Robert Abilez, a resident of Vista, entered the bar and asked fellow patrons to help him engage in a fight. When they refused Abilez pulled a .38 caliber revolver from his pocket but then dropped it on the floor. After picking up his weapon he sat next to two men, Almarez Vidales and Contreras Sanchez. As they drank their beers, Abilez insisted that the men go with him to fight. When they refused he drew the revolver again and fired. Sanchez stepped back and the bullet grazed his heavy leather jacket, and hit Vidales in the forearm. Lawrence Harris, the bartender, disarmed Abilez and held him while Ethel Weaver called the sheriff’s office.

The San Luis Rey Inn in 1958 before name change to Ethel’s.

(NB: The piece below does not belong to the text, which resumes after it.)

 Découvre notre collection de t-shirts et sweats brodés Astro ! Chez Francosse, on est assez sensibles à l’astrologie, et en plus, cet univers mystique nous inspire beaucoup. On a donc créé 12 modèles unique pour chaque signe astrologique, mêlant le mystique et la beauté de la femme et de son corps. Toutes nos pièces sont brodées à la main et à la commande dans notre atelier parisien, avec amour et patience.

Later Ethel’s would move to a location closer to the “back gate” of Camp Pendleton, and what was once known as the San Luis Rey Inn was renamed the Riverbottom Bar.

Even as Oceanside city limits expanded eastward, San Luis Rey remained a separate township, although the city of Oceanside limits surrounded it by the 1960s. It was even given its own zip code – 92068. By the 1970s it was annexed to the City. The Riverbottom Bar was given a new address of 473 North El Camino Real.

1969 Thomas Guide showing that the town of San Luis Rey and the Mission were part of the County and not city limits.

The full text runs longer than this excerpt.